DATA FOR ANALYSIS ▸
-=-=-=-=-
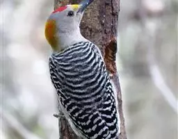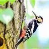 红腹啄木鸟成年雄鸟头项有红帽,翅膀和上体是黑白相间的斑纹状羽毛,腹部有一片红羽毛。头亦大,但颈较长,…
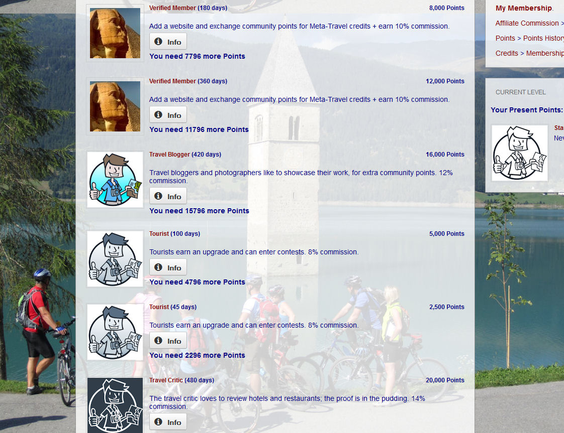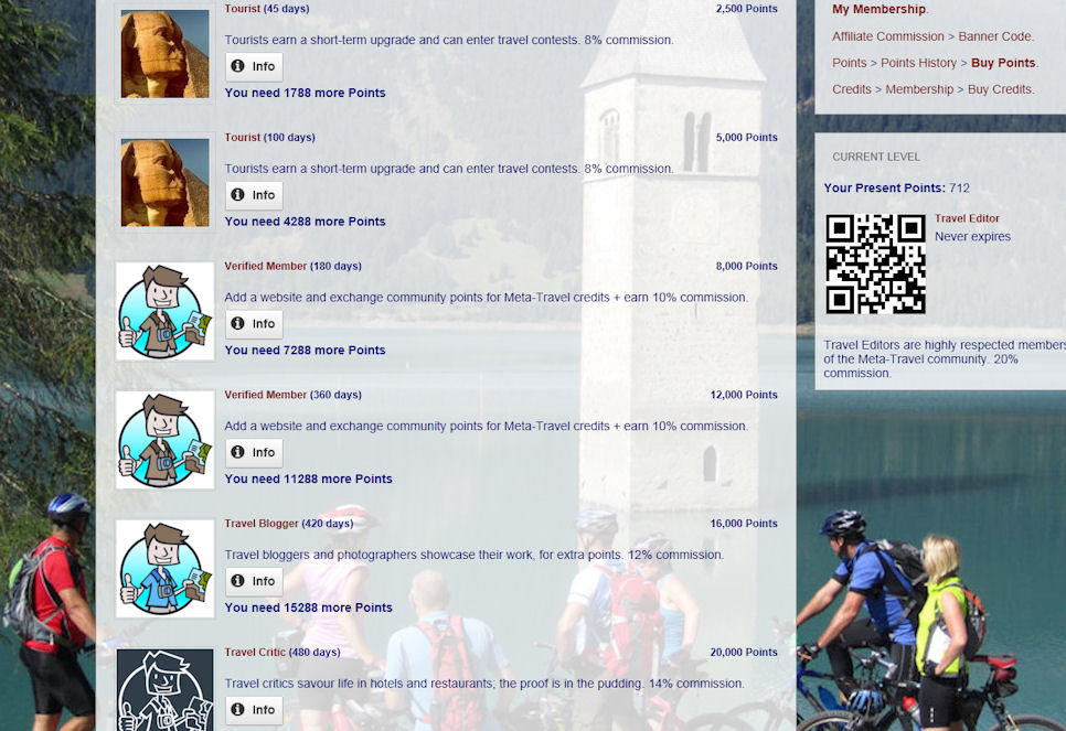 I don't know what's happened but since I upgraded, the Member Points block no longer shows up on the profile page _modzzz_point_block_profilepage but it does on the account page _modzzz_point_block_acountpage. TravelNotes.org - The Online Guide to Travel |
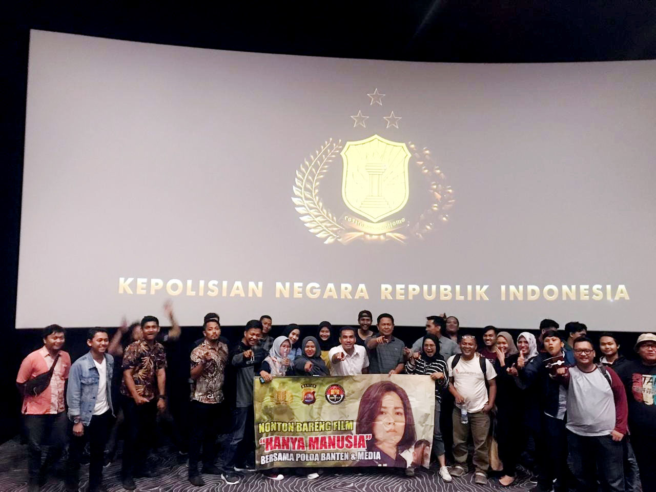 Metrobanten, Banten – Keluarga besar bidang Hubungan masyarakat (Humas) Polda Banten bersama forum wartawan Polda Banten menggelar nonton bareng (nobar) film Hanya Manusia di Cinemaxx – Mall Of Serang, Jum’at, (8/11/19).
-=-=-=-=-
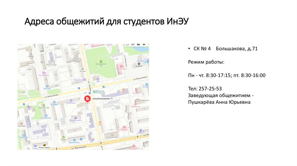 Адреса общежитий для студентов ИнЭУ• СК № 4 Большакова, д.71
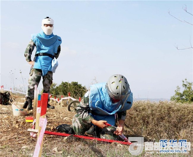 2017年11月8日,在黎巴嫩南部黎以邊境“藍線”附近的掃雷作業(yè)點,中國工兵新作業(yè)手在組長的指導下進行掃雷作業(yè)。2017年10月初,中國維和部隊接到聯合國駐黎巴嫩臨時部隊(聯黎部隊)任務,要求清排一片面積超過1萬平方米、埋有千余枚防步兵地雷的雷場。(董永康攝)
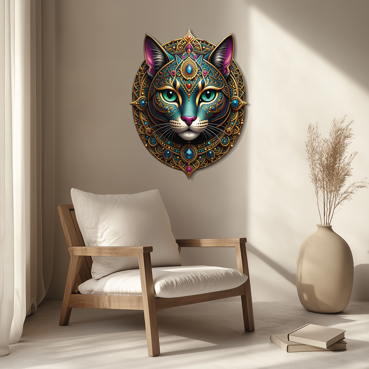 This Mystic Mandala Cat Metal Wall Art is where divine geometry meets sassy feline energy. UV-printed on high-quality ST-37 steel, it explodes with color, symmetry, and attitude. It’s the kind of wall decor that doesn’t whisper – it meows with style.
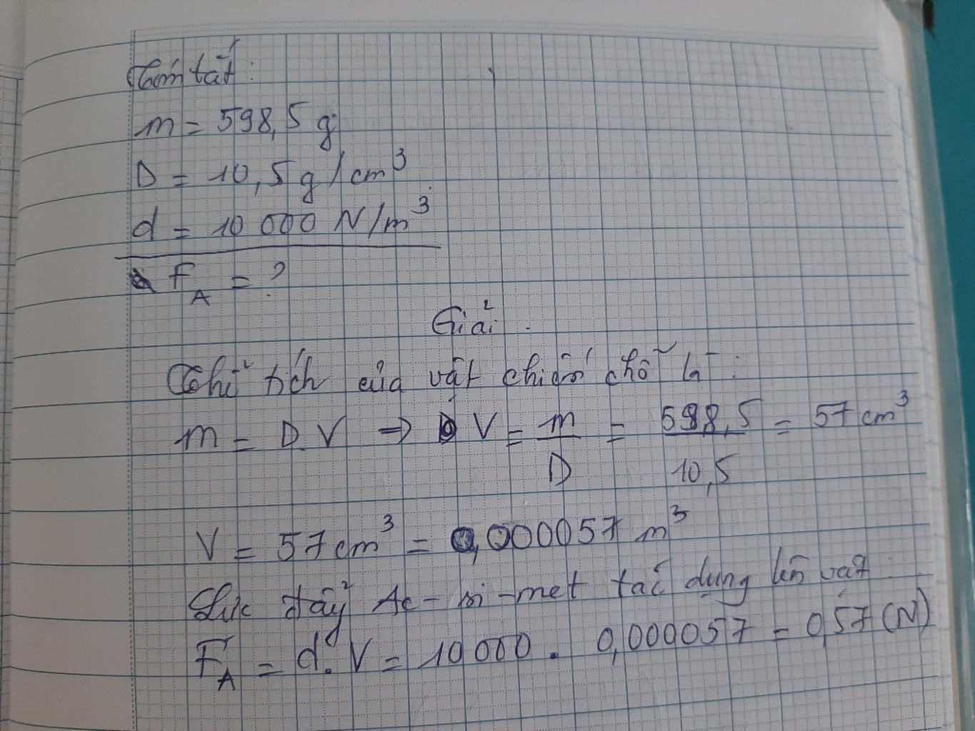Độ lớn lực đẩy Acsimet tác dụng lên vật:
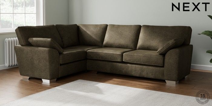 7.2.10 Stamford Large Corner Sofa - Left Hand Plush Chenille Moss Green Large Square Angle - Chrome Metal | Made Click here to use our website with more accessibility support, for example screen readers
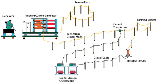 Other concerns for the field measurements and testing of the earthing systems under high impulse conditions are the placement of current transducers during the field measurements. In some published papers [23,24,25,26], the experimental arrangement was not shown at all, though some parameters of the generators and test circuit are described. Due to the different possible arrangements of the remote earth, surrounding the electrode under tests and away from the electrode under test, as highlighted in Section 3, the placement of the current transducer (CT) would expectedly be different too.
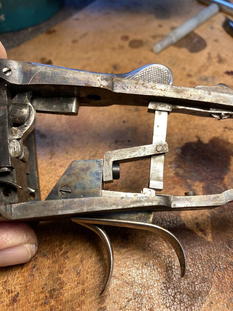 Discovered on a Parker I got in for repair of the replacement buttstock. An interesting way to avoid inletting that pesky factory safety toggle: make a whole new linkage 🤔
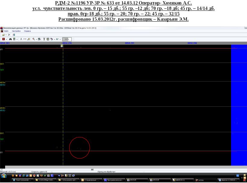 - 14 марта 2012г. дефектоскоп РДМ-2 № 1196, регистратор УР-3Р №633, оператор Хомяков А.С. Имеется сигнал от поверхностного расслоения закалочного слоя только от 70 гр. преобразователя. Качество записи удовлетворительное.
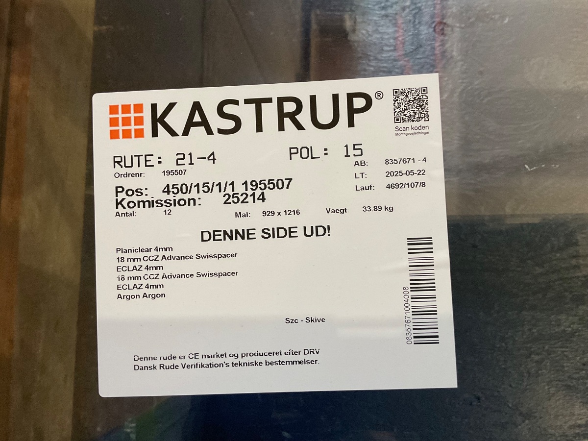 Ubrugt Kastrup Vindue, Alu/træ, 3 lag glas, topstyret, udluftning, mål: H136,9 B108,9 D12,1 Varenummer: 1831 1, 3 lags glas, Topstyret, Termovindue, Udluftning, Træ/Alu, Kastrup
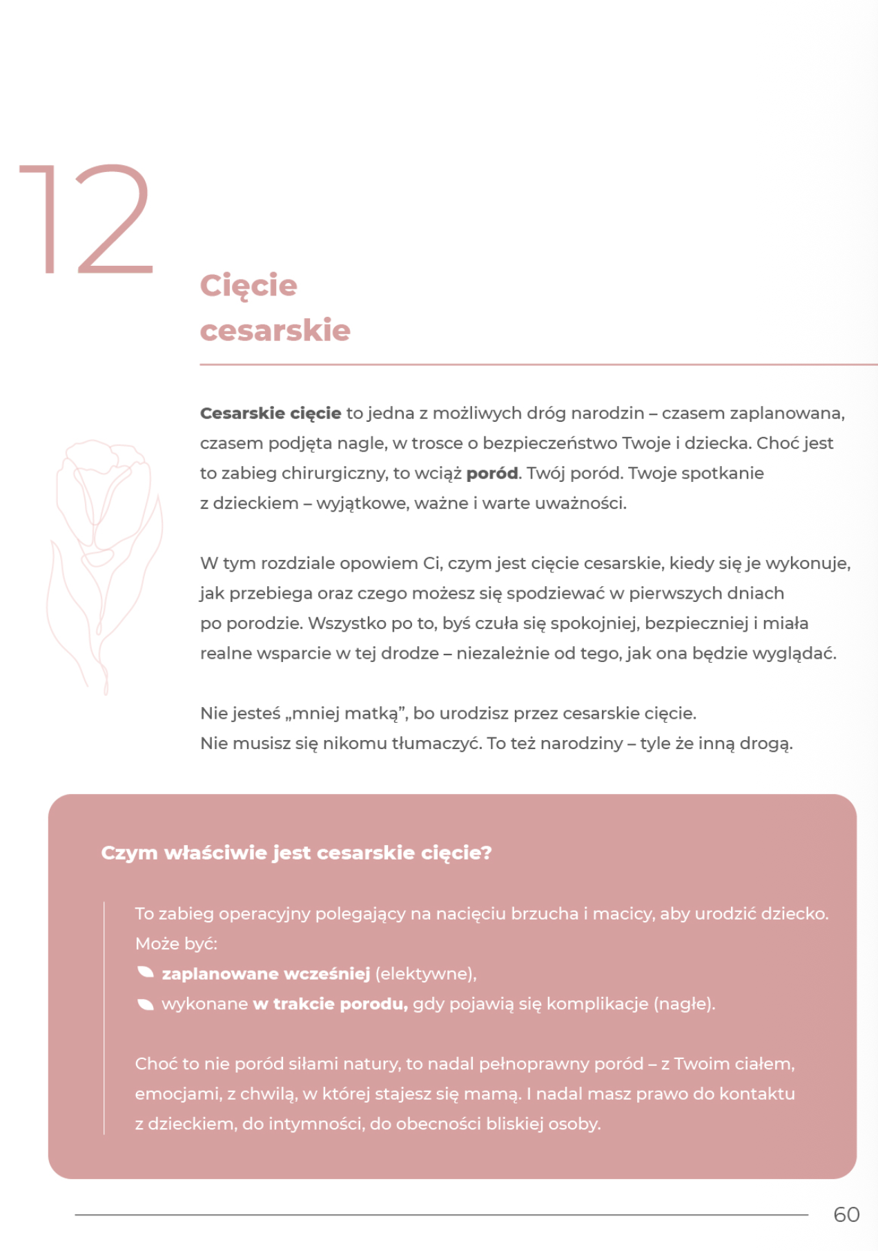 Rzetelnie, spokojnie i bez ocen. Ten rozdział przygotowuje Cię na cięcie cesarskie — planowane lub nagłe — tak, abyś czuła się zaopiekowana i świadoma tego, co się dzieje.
-=-=-=-=-
AIM OF THE TASK ▸
Set down word for word the lines above from the one with "Độ lớn lực đẩy" up to and including the one with "7.2.10 Stamford Large". Omit every picture.

OUTPUT FOR THIS EXERCISE ▸
Độ lớn lực đẩy Acsimet tác dụng lên vật:
 7.2.10 Stamford Large Corner Sofa - Left Hand Plush Chenille Moss Green Large Square Angle - Chrome Metal | Made Click here to use our website with more accessibility support, for example screen readers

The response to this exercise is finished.